• [WORK INSTRUCTION]: Each line below from the one containing "Pumphuset passar motorer" through the one containing "活动现场,社教老师通过互动提" is to be given again exactly, and no line outside that span.

• [GIVEN INFORMATION]:
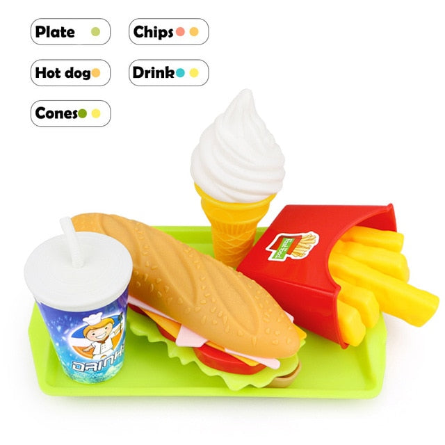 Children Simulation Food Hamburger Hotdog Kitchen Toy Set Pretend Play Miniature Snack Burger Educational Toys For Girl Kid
--
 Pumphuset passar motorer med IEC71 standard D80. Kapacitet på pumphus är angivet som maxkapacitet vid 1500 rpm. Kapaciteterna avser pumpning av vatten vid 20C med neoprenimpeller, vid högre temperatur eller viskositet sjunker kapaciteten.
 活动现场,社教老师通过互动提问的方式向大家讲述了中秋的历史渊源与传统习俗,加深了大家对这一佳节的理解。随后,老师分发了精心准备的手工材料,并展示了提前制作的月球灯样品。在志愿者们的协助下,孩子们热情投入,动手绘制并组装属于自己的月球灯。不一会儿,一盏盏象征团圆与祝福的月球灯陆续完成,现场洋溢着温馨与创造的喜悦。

• [OUTPUT]:
 Pumphuset passar motorer med IEC71 standard D80. Kapacitet på pumphus är angivet som maxkapacitet vid 1500 rpm. Kapaciteterna avser pumpning av vatten vid 20C med neoprenimpeller, vid högre temperatur eller viskositet sjunker kapaciteten.
 活动现场,社教老师通过互动提问的方式向大家讲述了中秋的历史渊源与传统习俗,加深了大家对这一佳节的理解。随后,老师分发了精心准备的手工材料,并展示了提前制作的月球灯样品。在志愿者们的协助下,孩子们热情投入,动手绘制并组装属于自己的月球灯。不一会儿,一盏盏象征团圆与祝福的月球灯陆续完成,现场洋溢着温馨与创造的喜悦。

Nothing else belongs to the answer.